(Beginning of DATA)

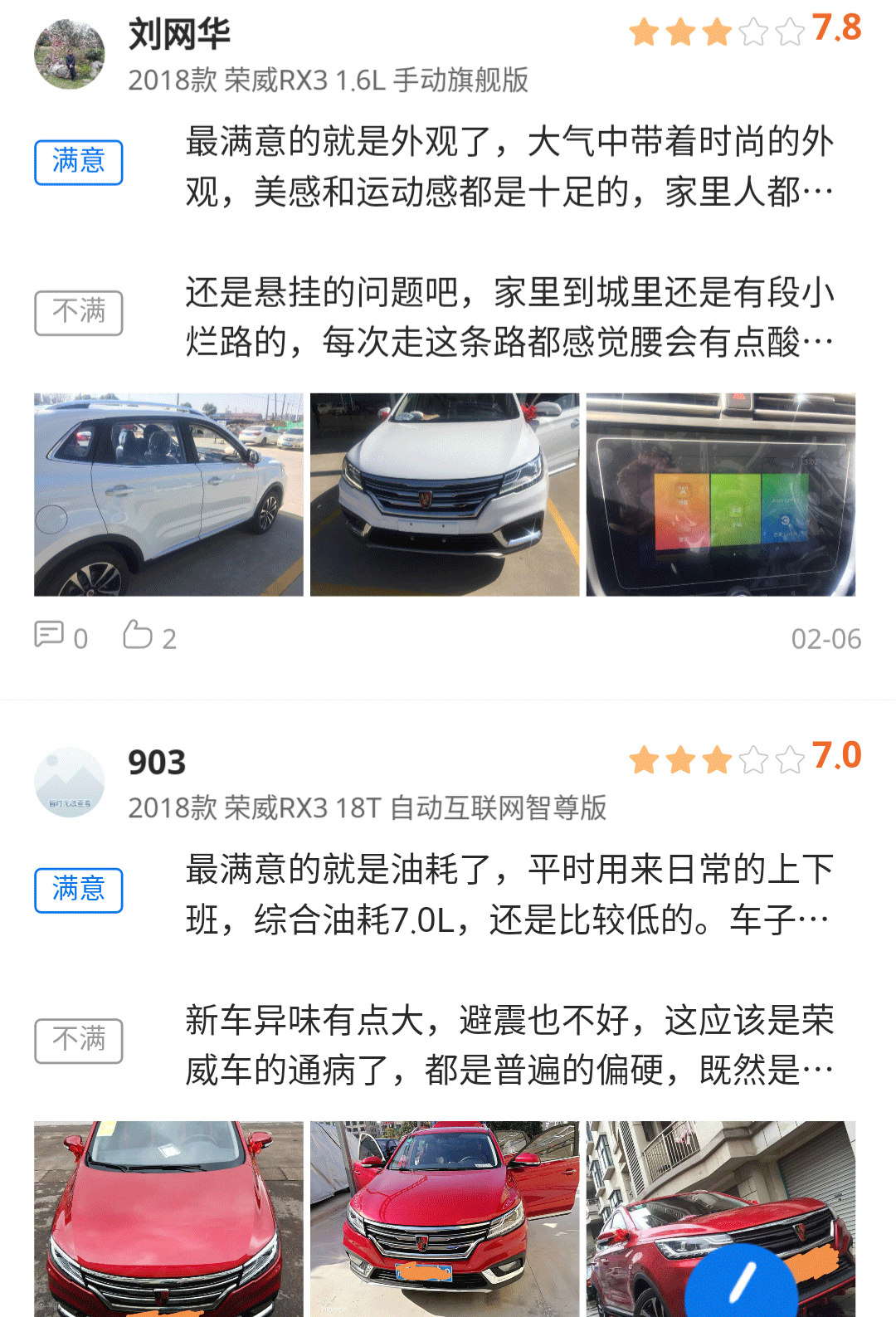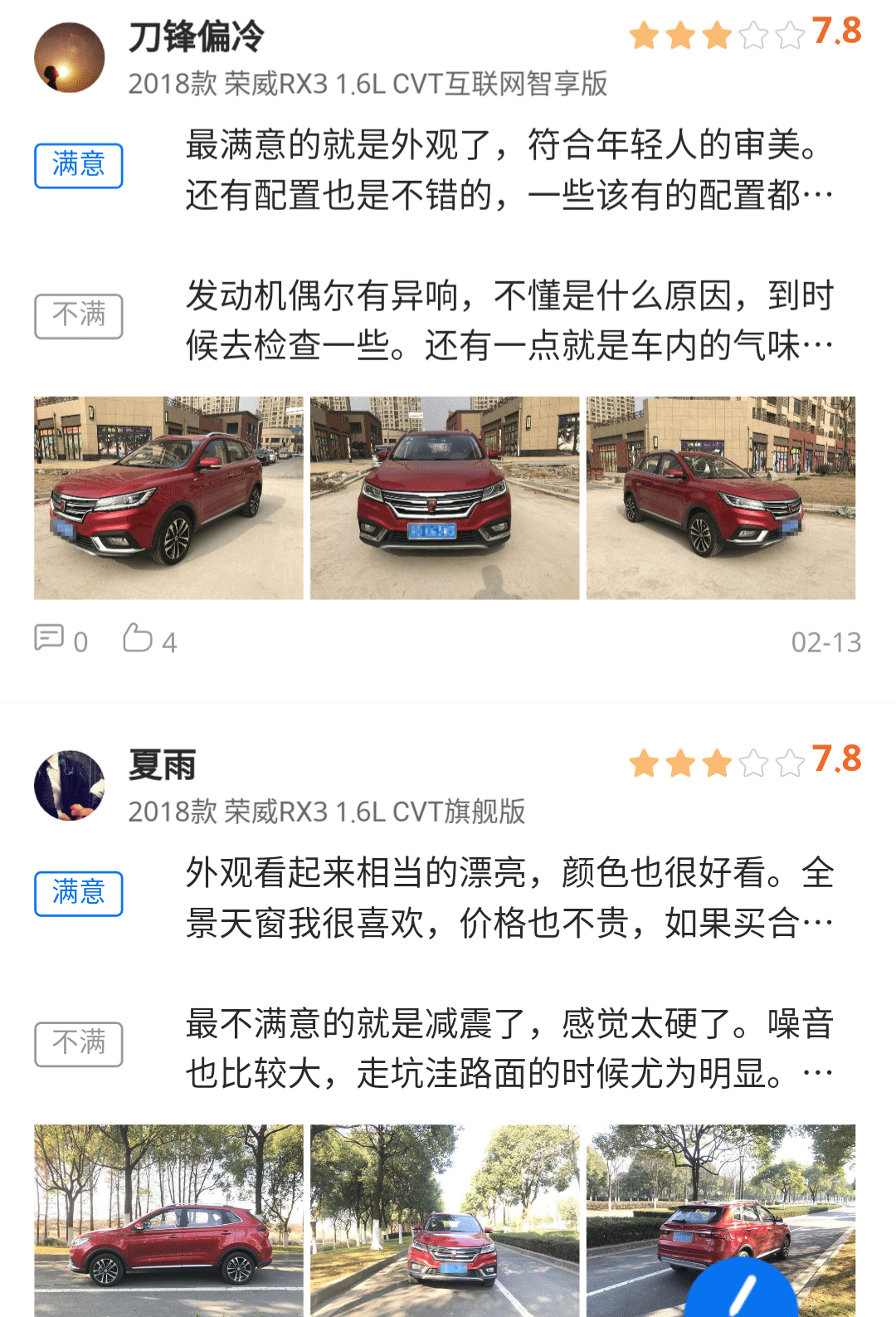 喜欢看更多车主对于这款车型评价的朋友现在马上点开小程序查看哦!这里我们可以看出车主们对它的时尚设计、全景天窗、各项配置等比较满意,而且表示油耗也比较低!同时对悬架的软硬有一些吐槽。
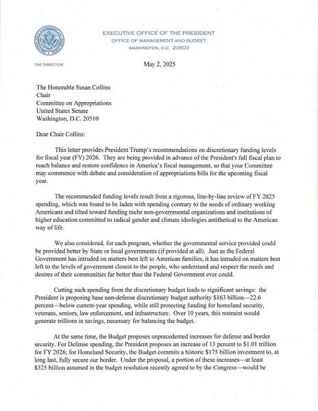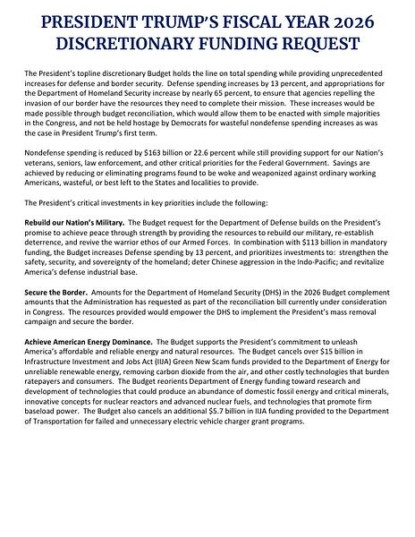 • President Trumps Fiscal Year 2026 Discretionary Funding Request
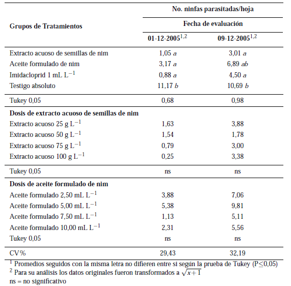 Cuando se evaluó el efecto del nim sobre el parasitismo de B. tabaci, se determinaron diferencias estadísticas entre grupos de tratamientos, en las dos fechas de evaluación, observándose, que el nim, sea como extracto acuoso o aceite y el imidacloprid, presentaron valores significativamente menores de ninfas de B. tabaci parasitadas, comparado con el testigo con agua. Por otro lado, no se reportaron diferencias estadísticas entre las dosis de extracto acuoso y aceite de nim para la variable ninfas parasitadas (Tabla 2). Durante esta investigación, fueron identificados los parasitoides Encarsia sp. y Eretmocerus sp. (Hymenoptera: Aphelinidae), ambos eficientes reguladores de B. tabaci
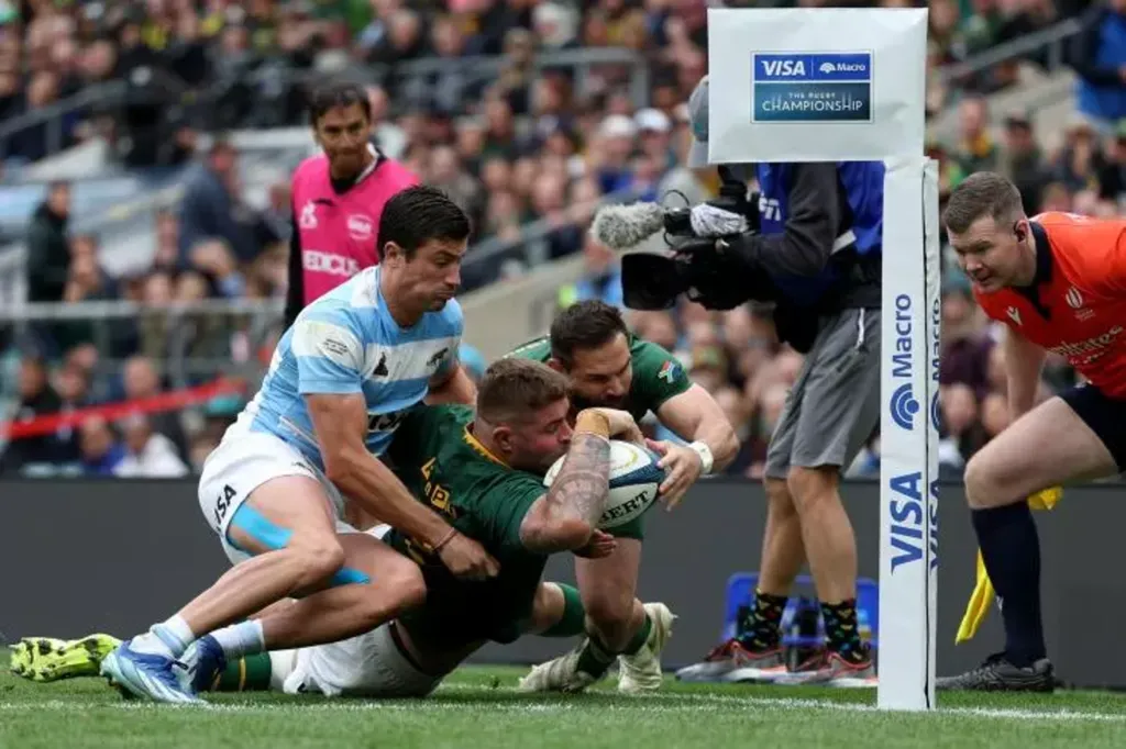 Dans un Twickenham bien garni et plutôt acquis aux Springboks, les Argentins ont marqué le premier essai après un numéro de Bautista Delguy, en feu tout comme l'arrière de Toulouse Juan-Cruz Mallia. Grâce à plusieurs actions tout en vitesse, ils ont mené de dix points une bonne partie de la première période (13-3).

(End of DATA)

● **ACTIVITY**
Would you repeat the material exactly, keeping out any pictures?

● **EXERCISE OUTPUT**
 喜欢看更多车主对于这款车型评价的朋友现在马上点开小程序查看哦!这里我们可以看出车主们对它的时尚设计、全景天窗、各项配置等比较满意,而且表示油耗也比较低!同时对悬架的软硬有一些吐槽。
 • President Trumps Fiscal Year 2026 Discretionary Funding Request
 Cuando se evaluó el efecto del nim sobre el parasitismo de B. tabaci, se determinaron diferencias estadísticas entre grupos de tratamientos, en las dos fechas de evaluación, observándose, que el nim, sea como extracto acuoso o aceite y el imidacloprid, presentaron valores significativamente menores de ninfas de B. tabaci parasitadas, comparado con el testigo con agua. Por otro lado, no se reportaron diferencias estadísticas entre las dosis de extracto acuoso y aceite de nim para la variable ninfas parasitadas (Tabla 2). Durante esta investigación, fueron identificados los parasitoides Encarsia sp. y Eretmocerus sp. (Hymenoptera: Aphelinidae), ambos eficientes reguladores de B. tabaci
 Dans un Twickenham bien garni et plutôt acquis aux Springboks, les Argentins ont marqué le premier essai après un numéro de Bautista Delguy, en feu tout comme l'arrière de Toulouse Juan-Cruz Mallia. Grâce à plusieurs actions tout en vitesse, ils ont mené de dix points une bonne partie de la première période (13-3).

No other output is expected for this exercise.